# computer parts



## arno

this a good list of parts 
its just case , motherboard , and cpu
www.newegg.com


----------



## Praetor

Uh ... is there a question?


----------



## arno

woeps i mean is this a good list of parts?  my bad


----------



## Praetor

- It would be more benificial if you listed the parts rather than showed pictures (we can find picutres if we need to).
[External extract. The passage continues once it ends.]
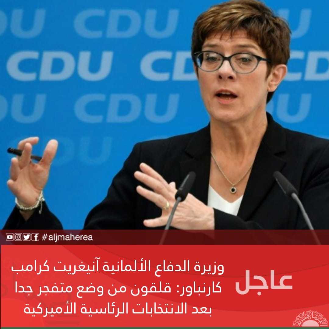 عاجل// وزيرة الدفاع الألمانية آنيغريت كرامب كارنباور: قلقون من وضع متفجر جدا بعد الانتخابات الرئاسية الأميركية 5 سنوات ago عاجل// وزيرة الدفاع الألمانية آنيغريت كرامب كارنباور: قلقون من وضع متفجر جدا بعد الانتخابات الرئاسية الأميركية مقالات ذات صلة الجنائية الدولية تُحمّل إيطاليا مسؤولية الإفراج عن نجيم وتسليمه لليبيا رغم مذكرة التوقيف عاجل| بريطانيا وفرنسا وكندا تهدد إسرائيل بإجراءات ملموسة إذا واصلت حربها بغزة أميركا تصادر طائرة الرئيس الفنزويلي وتنقلها إلى فلوريدا

It also allows us to comment on price/performance etc.
- I'd change the mobo and get a nForce2 based one


----------



## arno

cpu : barton 2800+ or 2500+
mobo : asus a7n8x-x n force 2 400 chipset for amd socket a cpu retail(i couldnt get the picture on because it was to big)
case : enermax blue aluminium atx mid tower case with 400 psu,model
"10mcs56881lbfs-d3"
video card : ati or something
sound :sound blaster


----------



## Praetor

- Good call on both the mobo and the CPU (get the XP2800 if you're not so eager to OC the piss out of the chip)
- Anything more concrete for the sound and video cards?


----------



## arno

video card : ati radeon 9800 or 9600 dont know much about graphic cards but its for gaming  (watch the price of these video cards )
sound card : dont know much  of this dont need really a good won a low budget won seems fine i think


----------



## arno

on watch the price...
its whats the price...
srry for english


----------



## Praetor

> ati radeon 9800 or 9600 dont know much about graphic cards but its for gaming


Check! There's a big difference! (Get the 9800 if you can afford it)



> sound card : dont know much of this dont need really a good won a low budget won seems fine I think


Oh ok, so the SoundStorm courtesy of the nForce2 



> on watch the price...
> its whats the price...


HUH???!


----------